Charles Kingsley es un autor relativamente desconocido para le lector español a pesar de que en su país está considerado como uno de los grandes escritores de literatura infantil del XIX, a la altura de Lewis Carroll o George McDonald. “Los niños del agua” es su novela más famosa y, me atrevería a decir, estamos ante una de las mejores obras de fantasía que se escribieron en el XIX.
Kingsley no deja de resultar alguien tremendamente británico, casi hasta la caricatura, y, por tanto, con una serie de rasgos extravagantes que chocarán al lector hispano. En principio fue uno de los líderes del socialismo cristiano, una idea en sí tan contradictoria y absurda que sólo en Inglaterra podía llegar a convertirse en un movimiento de masas. Por otro lado tenía una auténtica obsesión con la higiene personal como forma de paliar la mortalidad entre la clase obrera. Además se le nota una gran fascinación por el estudio de la naturaleza y la teoría de la evolución, sin olvidar que también sufre algunos de los prejuicios que todo buen inglés padecía en la época victoriana (moralidad un tanto pacata, racismo anti-irlandés).
Podría parecer que con todos estos mimbres sería imposible crear una novela mínimamente lógica o interesante. Nada más lejos de la realidad, “Los niños del agua” (1863), resulta un libro atractivo, bien construido y muy divertido. Quizá sea esta última parte el quid de la cuestión. Kingsley posee un refrescante sentido del humor y un cierto gusto por los juegos de palabras hilarantes y absurdos cercanos al surrealismo (este rasgo le acerca a Carroll). Además, lanza dardos muy certeros contra algunas de las contradicciones más flagrantes del modo de educar a los niños en la Inglaterra del XIX, críticas que, lejos de resultar obsoletas, en muchos casos siguen plenamente vigentes.
Con todo, el apartado en el que Kingsley logra sus mejores páginas llega a la hora de describir los ríos y costas de su país. Se nota en estas líneas el profundo conocimiento que poseía el autor de los ecosistemas fluvial y marino, pero, también, el gran amor que sentía hacia la naturaleza, pintada de una forma evocadora y sugerente, con una fuerza tremenda que hace que más de un lector sienta ganas de correr hasta el arroyo más cercano en busca de truchas, salmones, libélulas, moscas de agua y demás fauna perfectamente descrita por Kingsley.
El libro presenta tres partes perfectamente diferenciadas. La primera es una suave pero ajustada crítica contra el trabajo infantil y las condiciones de vida de la clase obrera. Recuerda a un Dickens bien intencionado, gracias, entre otras cosas, a la presencia del niño protagonista, Tom el deshollinador, cercano a un Oliver Twist o un David Copperfield.
La segunda parte narra la mutación de Tom en un niño de agua y, como ya he indicado, es la mejor del libro con esas vividas y fascinantes descripciones de los arroyos y costas de Gran Bretaña.
La última parte recoge el viaje que emprende Tom para hacerse un hombre y resultar digno a los ojos de sus hadas protectoras.

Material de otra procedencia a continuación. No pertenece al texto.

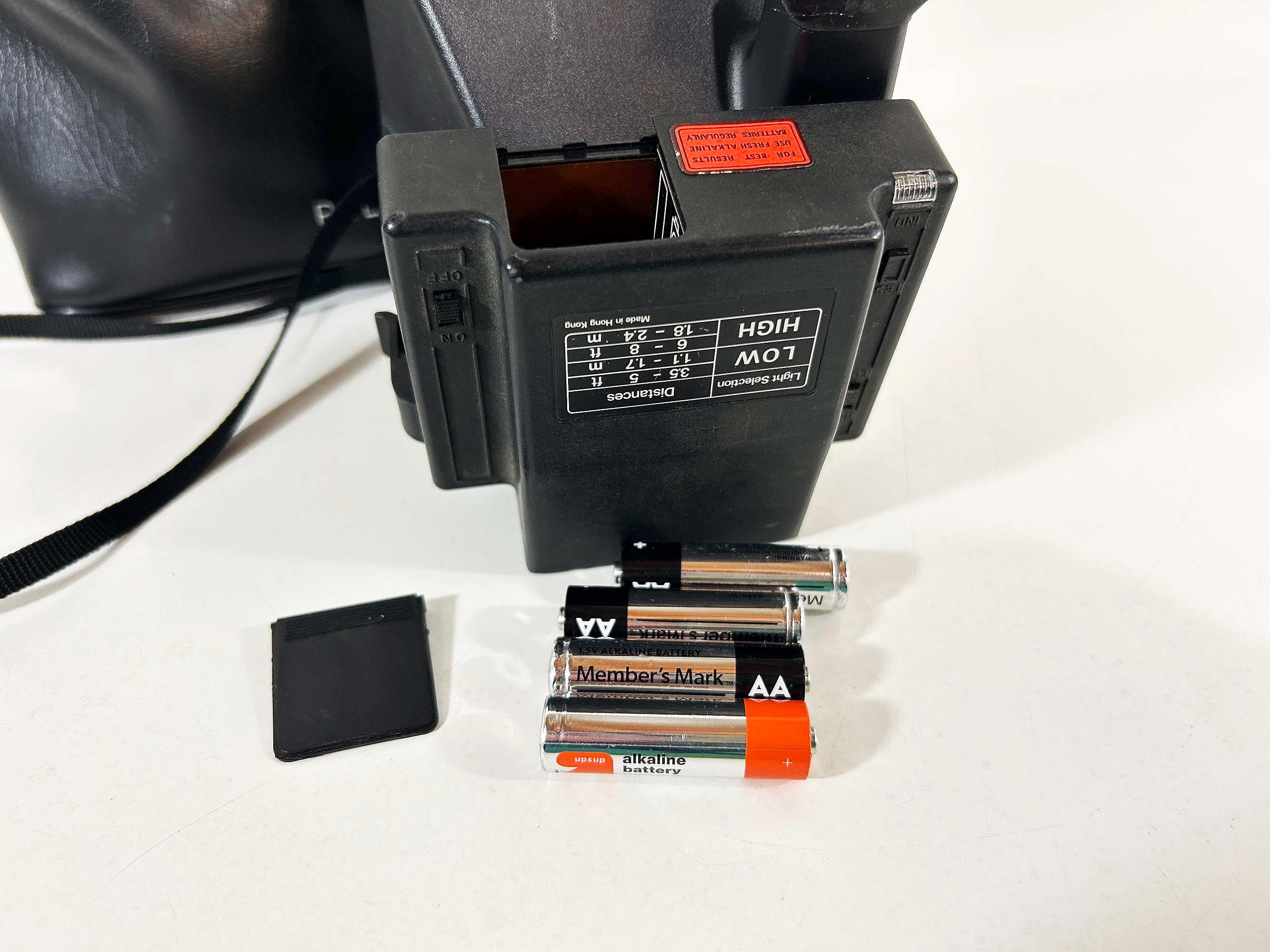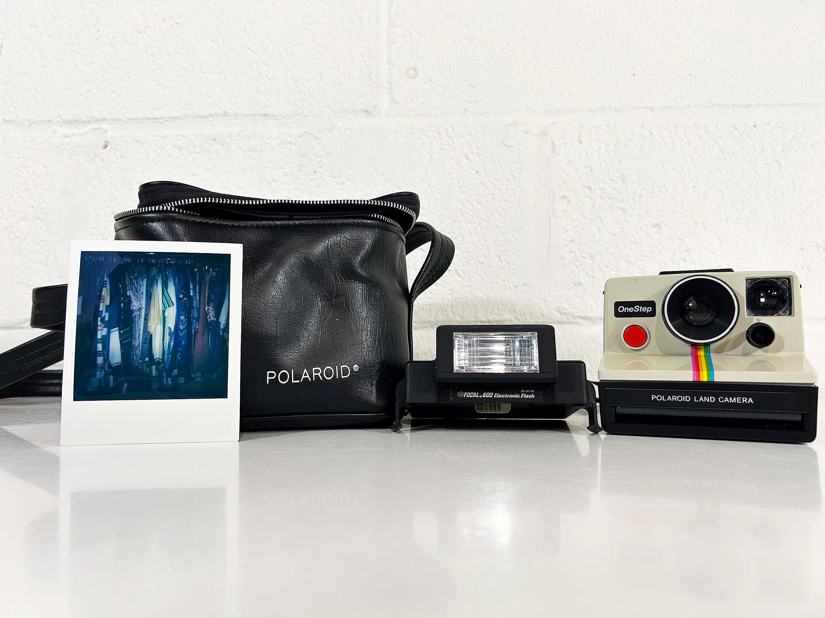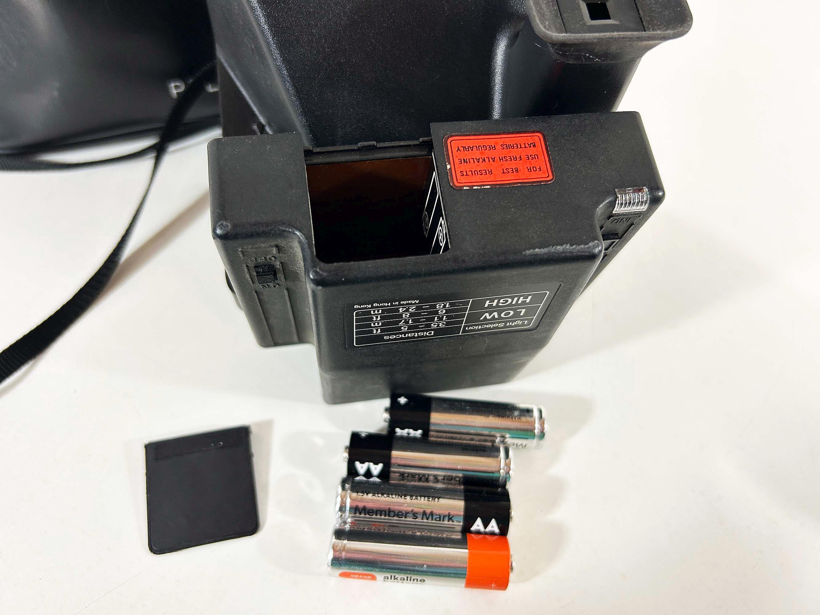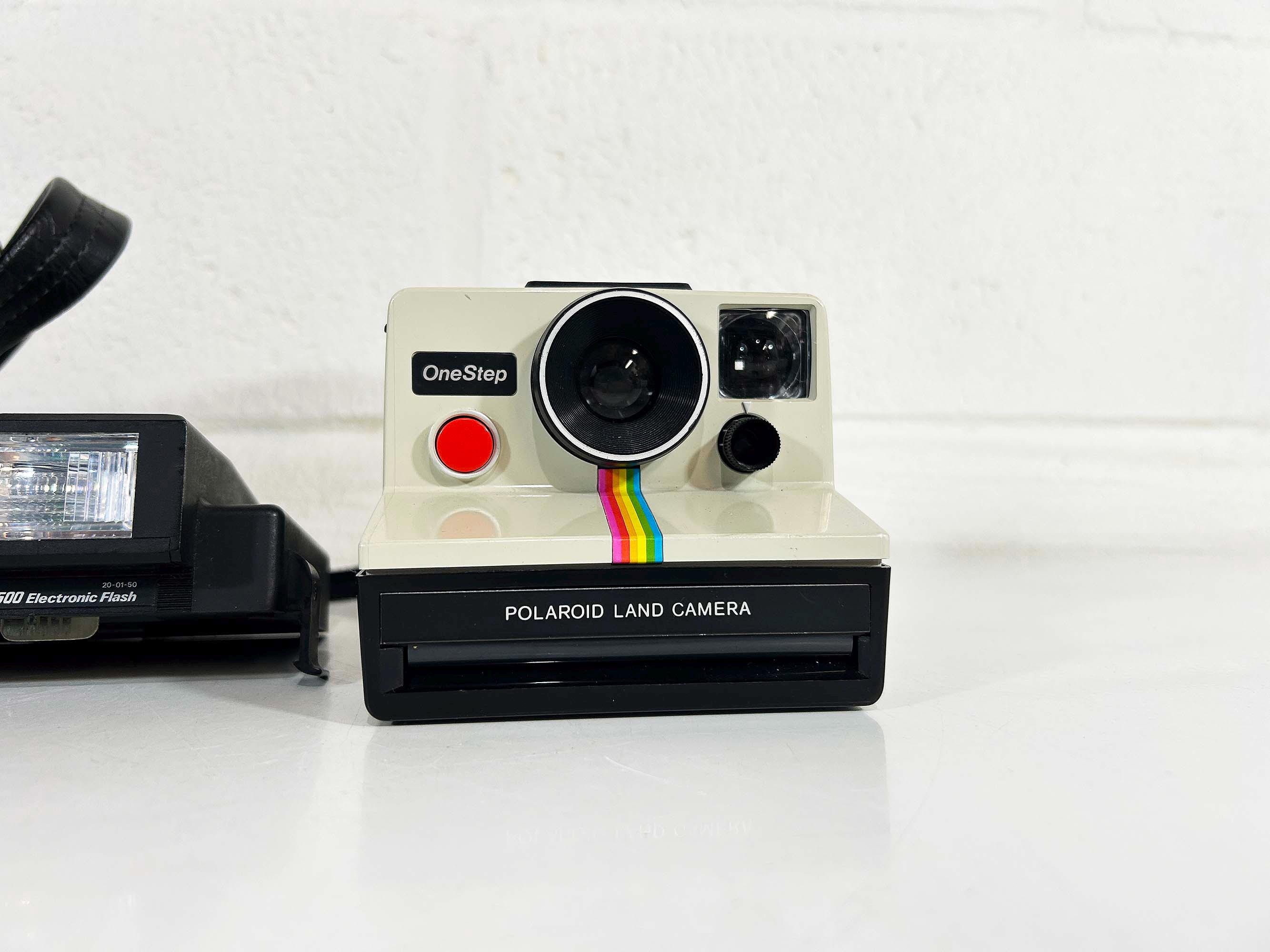 Classic Polaroid camera with a detachable Focal 600 Flash! This camera is in good vintage condition with only minor cosmetic scuffs on the plastic body from previous use. It has been tested and is in working order - ready to use with new Polaroid film! Please see the second photo for an example of a Polaroid taken with this camera.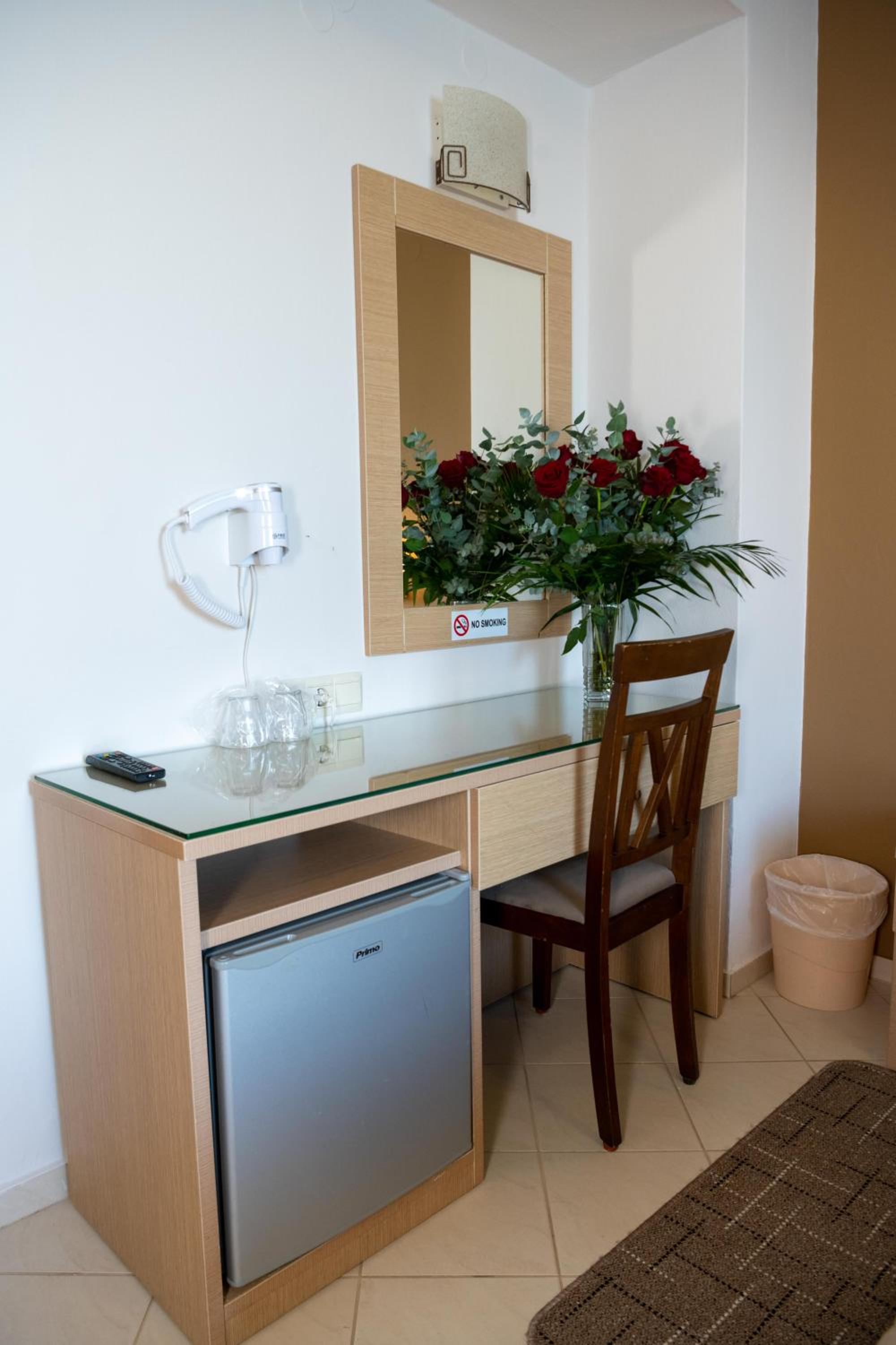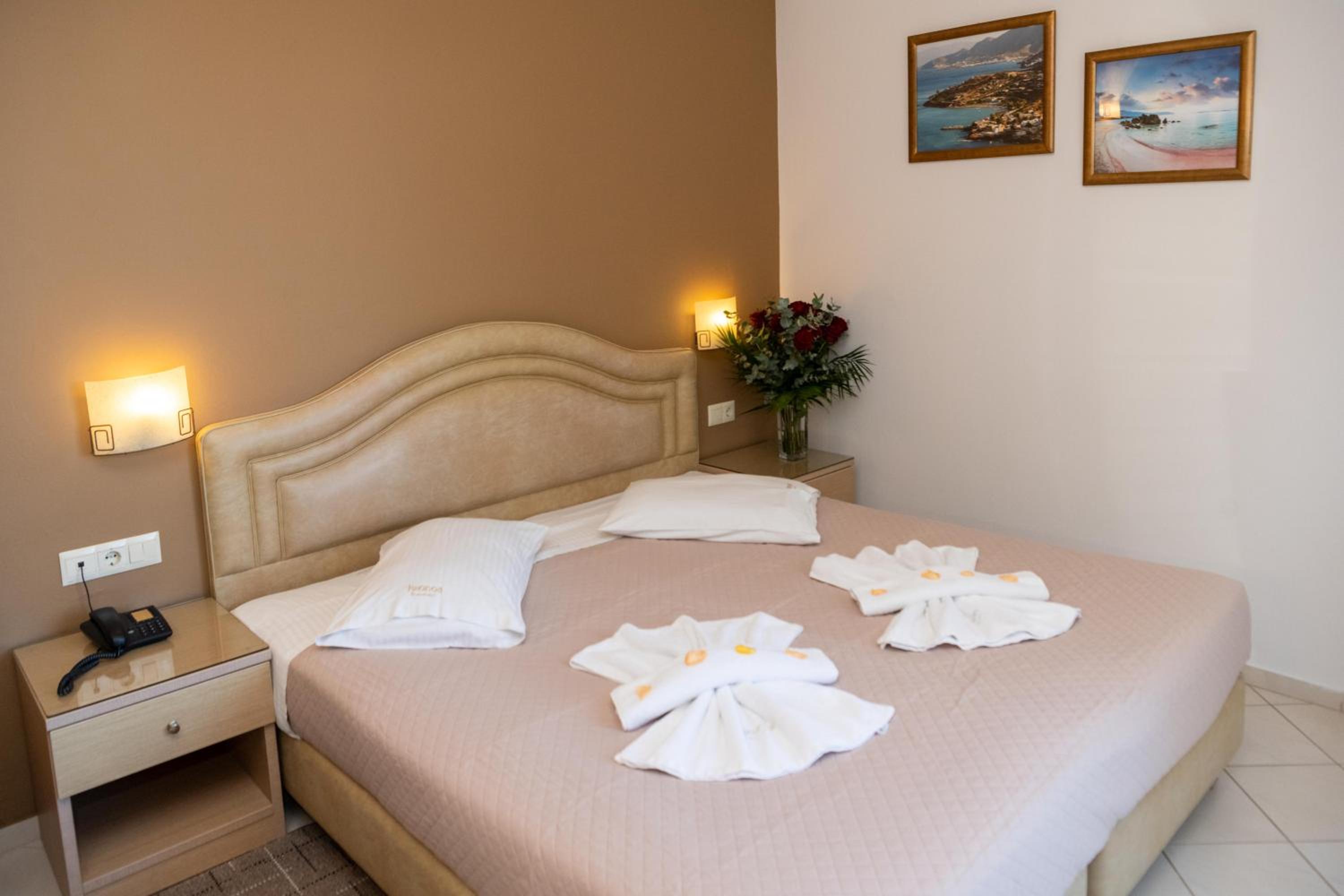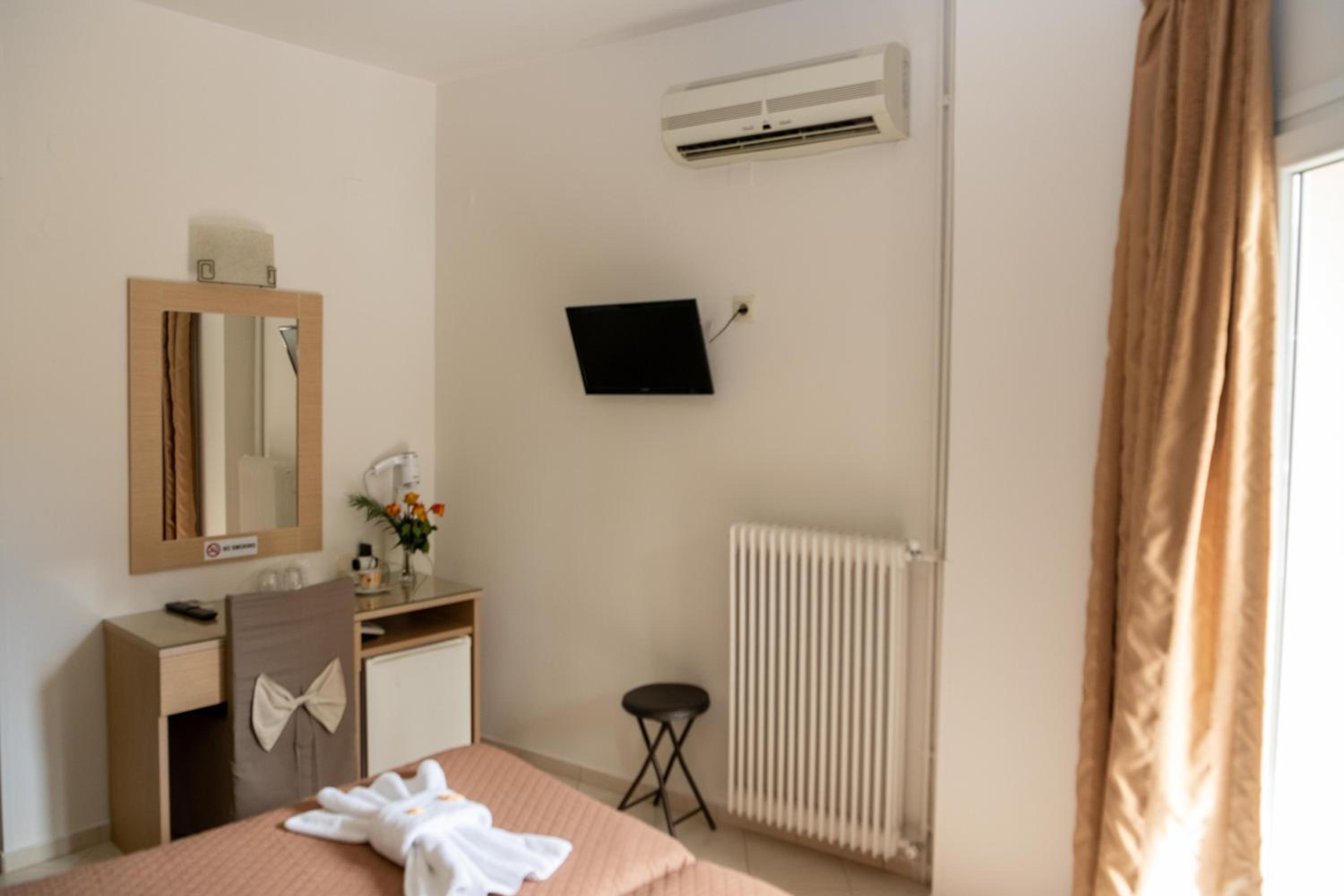 Charming Rooms with Modern Amenities: Kronos Hotel offers simply furnished rooms with private balconies and views of the sea. Each room is equipped with a TV, air conditioning, and a mini fridge for utmost comfort during your stay.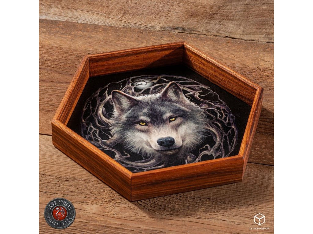 Dřevěná herní deska na kostky o rozměrech 20 x 23 x 3,5 cm.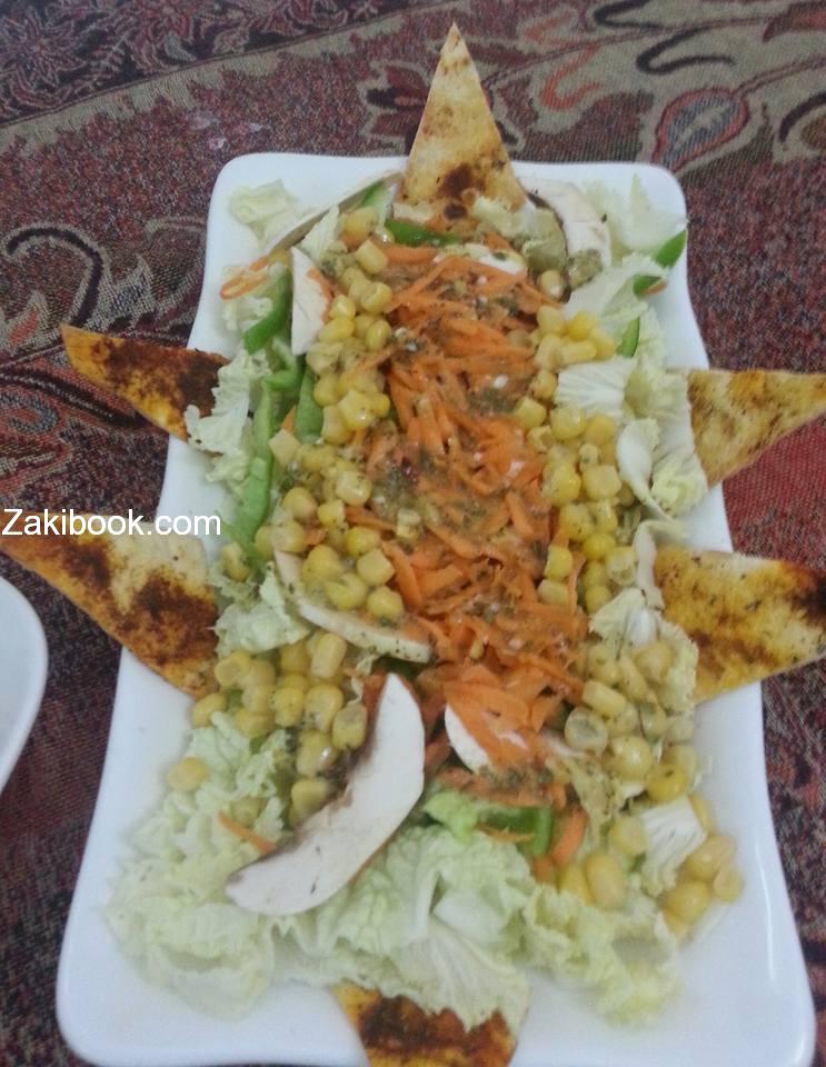 خس افرنجي فلفل ذرة.جزر مبشور فطر فريش شرايح رقيقة…تتبيلة السلطة الجاهز وبنزينها بتورتيلا مشوية بالفرن مع شوية زيت ورشة اوريغانو وبابريكا

Esta es la parte más compleja y difícil, llena de simbolismos y filosofías que no encuentro muy al alcance de las mentes infantiles pero que, por otra parte, eran típicas de esta época y son muy parecidas a elucubraciones similares debidas a, por ejemplo, todo un George McDonald.
En cualquier caso, “Los niños del agua” representa una gran lectura original y sorprendente. Algunos de sus aspectos pueden resultar molestos para el lector actual, esa burla continua hacia los irlandeses; la moralina final, compendio de todo el libro, en la que se hace un encendido elogio del trabajo duro y una dura crítica del ocio; o la sensación que se tiene de que la clase trabajadora es culpable de sus propios males mientras que la élite dirigente está formada por bondadosos señores que poco pueden hacer frente a los malos modales de la chusma (sólo hay que ver como se presenta a Grimes, el deshollinador jefe de Tom, y a Sir John Harthover, el señor rural de la comarca).
Son estos males inherentes a una época y a una ideología muy precisa pero que, una vez asumidos, en ningún momento empañan el buen hacer y la alegría natural que llenan las páginas de este libro.
Por último, no puedo menos que felicitar al traductor, Bernat Pujadas, que resuelve de forma brillante la muy complicada labor a la que se enfrentaba con este libro, nada fácil de trasladar al español por la cantidad de vocabulario específico de biología que presenta y por los enrevesados juegos de palabras con los que Kingsley satura el texto. Un trabajo muy bien hecho.